▶ WHAT IS EXPECTED
What you return should be the lines from the one with "Rzeka Miasto, Surrealistyczne" through the one with "BeGreen Packaging biodegradable" in the data below, reproduced exactly with both ends, and no pictures at all.

Start of PROVIDED DATA

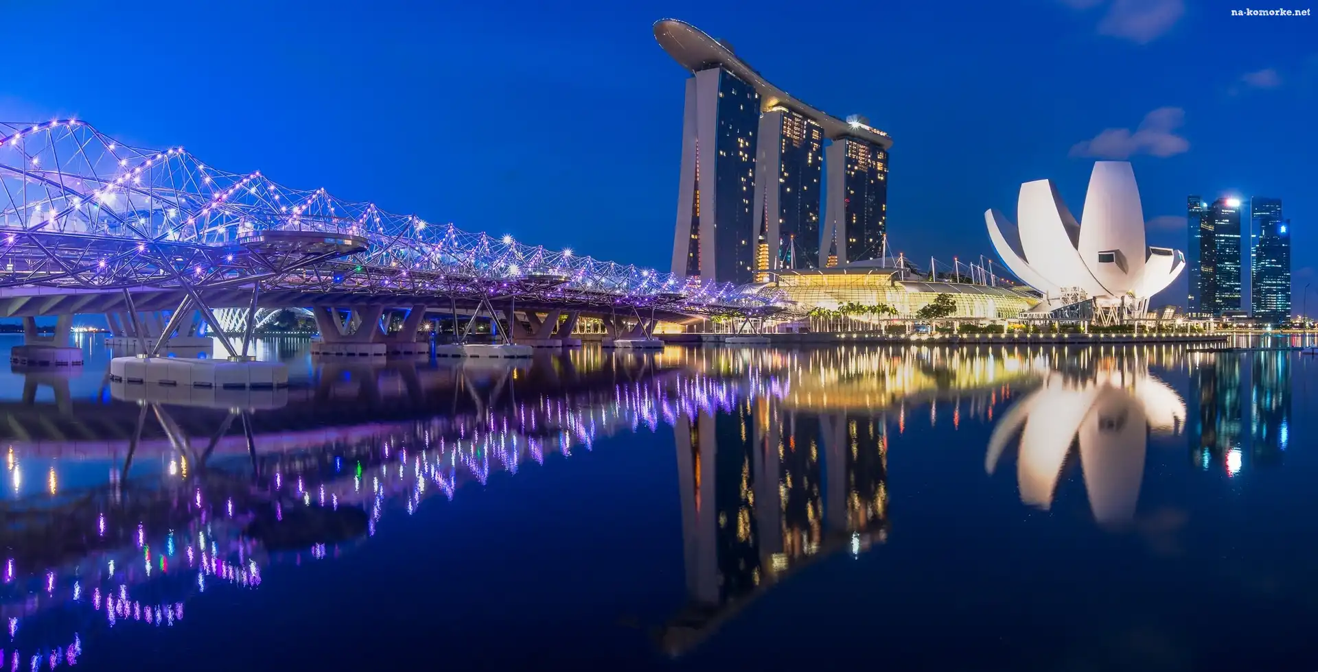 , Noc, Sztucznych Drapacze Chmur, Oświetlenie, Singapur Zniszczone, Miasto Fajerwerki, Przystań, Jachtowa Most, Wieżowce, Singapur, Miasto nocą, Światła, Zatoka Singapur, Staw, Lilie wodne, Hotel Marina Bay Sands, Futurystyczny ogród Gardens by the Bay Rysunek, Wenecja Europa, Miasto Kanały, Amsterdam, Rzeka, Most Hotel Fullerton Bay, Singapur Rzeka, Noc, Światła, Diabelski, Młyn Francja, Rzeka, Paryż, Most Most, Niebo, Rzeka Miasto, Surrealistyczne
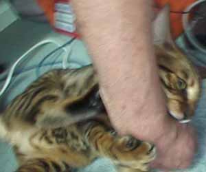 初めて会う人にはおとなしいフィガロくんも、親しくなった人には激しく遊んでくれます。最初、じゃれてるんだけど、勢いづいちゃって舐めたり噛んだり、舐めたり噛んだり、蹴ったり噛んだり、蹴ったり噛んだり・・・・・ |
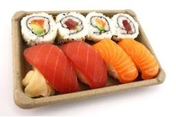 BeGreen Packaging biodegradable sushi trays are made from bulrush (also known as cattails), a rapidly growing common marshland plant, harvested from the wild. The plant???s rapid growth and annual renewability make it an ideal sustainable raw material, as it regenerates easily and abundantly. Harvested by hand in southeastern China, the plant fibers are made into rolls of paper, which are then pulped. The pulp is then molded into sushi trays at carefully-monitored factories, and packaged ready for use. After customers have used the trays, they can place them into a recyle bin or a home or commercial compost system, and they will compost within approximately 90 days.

End of PROVIDED DATA
Start of PROVIDED DATA

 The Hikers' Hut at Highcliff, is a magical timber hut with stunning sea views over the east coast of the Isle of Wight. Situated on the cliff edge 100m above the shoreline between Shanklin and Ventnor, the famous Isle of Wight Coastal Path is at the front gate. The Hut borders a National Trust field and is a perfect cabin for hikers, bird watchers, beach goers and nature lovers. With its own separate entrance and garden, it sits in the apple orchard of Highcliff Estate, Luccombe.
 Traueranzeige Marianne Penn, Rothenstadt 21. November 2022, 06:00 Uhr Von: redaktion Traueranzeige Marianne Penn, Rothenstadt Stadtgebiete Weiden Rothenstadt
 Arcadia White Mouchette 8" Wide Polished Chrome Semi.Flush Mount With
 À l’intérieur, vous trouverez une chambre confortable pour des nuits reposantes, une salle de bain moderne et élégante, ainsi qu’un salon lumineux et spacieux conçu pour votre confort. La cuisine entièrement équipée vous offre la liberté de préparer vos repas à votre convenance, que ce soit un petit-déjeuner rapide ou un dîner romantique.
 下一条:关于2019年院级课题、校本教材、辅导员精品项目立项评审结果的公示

End of PROVIDED DATA

▶ RESULT OF THIS EXERCISE
 , Noc, Sztucznych Drapacze Chmur, Oświetlenie, Singapur Zniszczone, Miasto Fajerwerki, Przystań, Jachtowa Most, Wieżowce, Singapur, Miasto nocą, Światła, Zatoka Singapur, Staw, Lilie wodne, Hotel Marina Bay Sands, Futurystyczny ogród Gardens by the Bay Rysunek, Wenecja Europa, Miasto Kanały, Amsterdam, Rzeka, Most Hotel Fullerton Bay, Singapur Rzeka, Noc, Światła, Diabelski, Młyn Francja, Rzeka, Paryż, Most Most, Niebo, Rzeka Miasto, Surrealistyczne
 初めて会う人にはおとなしいフィガロくんも、親しくなった人には激しく遊んでくれます。最初、じゃれてるんだけど、勢いづいちゃって舐めたり噛んだり、舐めたり噛んだり、蹴ったり噛んだり、蹴ったり噛んだり・・・・・ |
 BeGreen Packaging biodegradable sushi trays are made from bulrush (also known as cattails), a rapidly growing common marshland plant, harvested from the wild. The plant???s rapid growth and annual renewability make it an ideal sustainable raw material, as it regenerates easily and abundantly. Harvested by hand in southeastern China, the plant fibers are made into rolls of paper, which are then pulped. The pulp is then molded into sushi trays at carefully-monitored factories, and packaged ready for use. After customers have used the trays, they can place them into a recyle bin or a home or commercial compost system, and they will compost within approximately 90 days.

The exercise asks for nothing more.